The unique twist on this series, having each episode represent an hour of time “in real life” and running for 24 episodes to represent one hell of a day for the characters, meant that each week we had a mini-cliffhanger to drag us all in the following week. It was the season ending episodes that caught us as the season’s story lines wrapped but also hung a significant twist in the final minutes to ensure we tuned in for the next season. The final episode of season two had Jack Bauer (Kiefer Sutherland) save our asses again by stopping World War 3 after delivering critical information to President David Palmer (Dennis Haysbert), which averted a military strike on the Middle East. Phew. As President Palmer stepped out of his limo to enter a venue for a speech, he collapses on the footpath after shaking hands with a well-wisher who then dumped a skin-glove in the bin showing they’d poisoned him! The President was gonna die! In the end, no, he didn’t.

5. The West Wing – End of Season One (mid-2000)

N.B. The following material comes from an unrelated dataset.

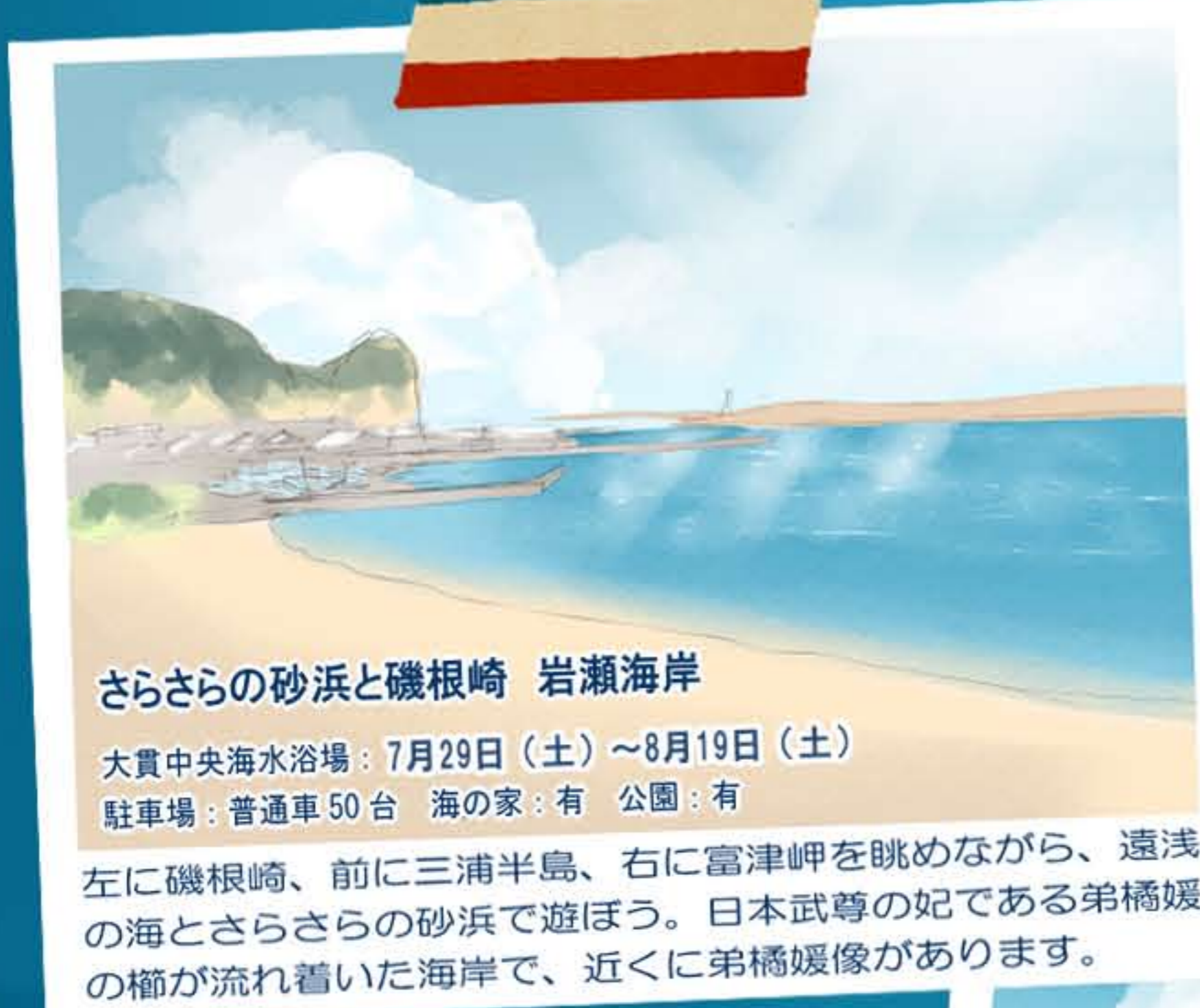
さらさらの砂浜と磯根崎 岩瀬海岸 大貫中央海水浴場：7月29日（土）～8月19日（土） 駐車場：普通車 50台 海の家：有 公園：有

遊泳区域外ではマリンスポーツも楽しめる波高の海。潮干狩り場にも近く、富津公園内にテニスコート・温水プール・キャンプ場があり夜も楽しめます。

Not a bad way to end the first season of a politically charged hit show, and ensure that people tune in for season two. President Jed Bartlet (Martin Sheen) had just finished hosting a town hall meeting and was leaving with his staff to get in their cars when the party is shot at by a group of white supremacists. The attack on the President was massive news at the start of season two, though it turns out the target was actually the President’s young African-American aide Charlie Young (Dule Hill). Everyone survived, but it set great precedent for a show that is a perennial favourite.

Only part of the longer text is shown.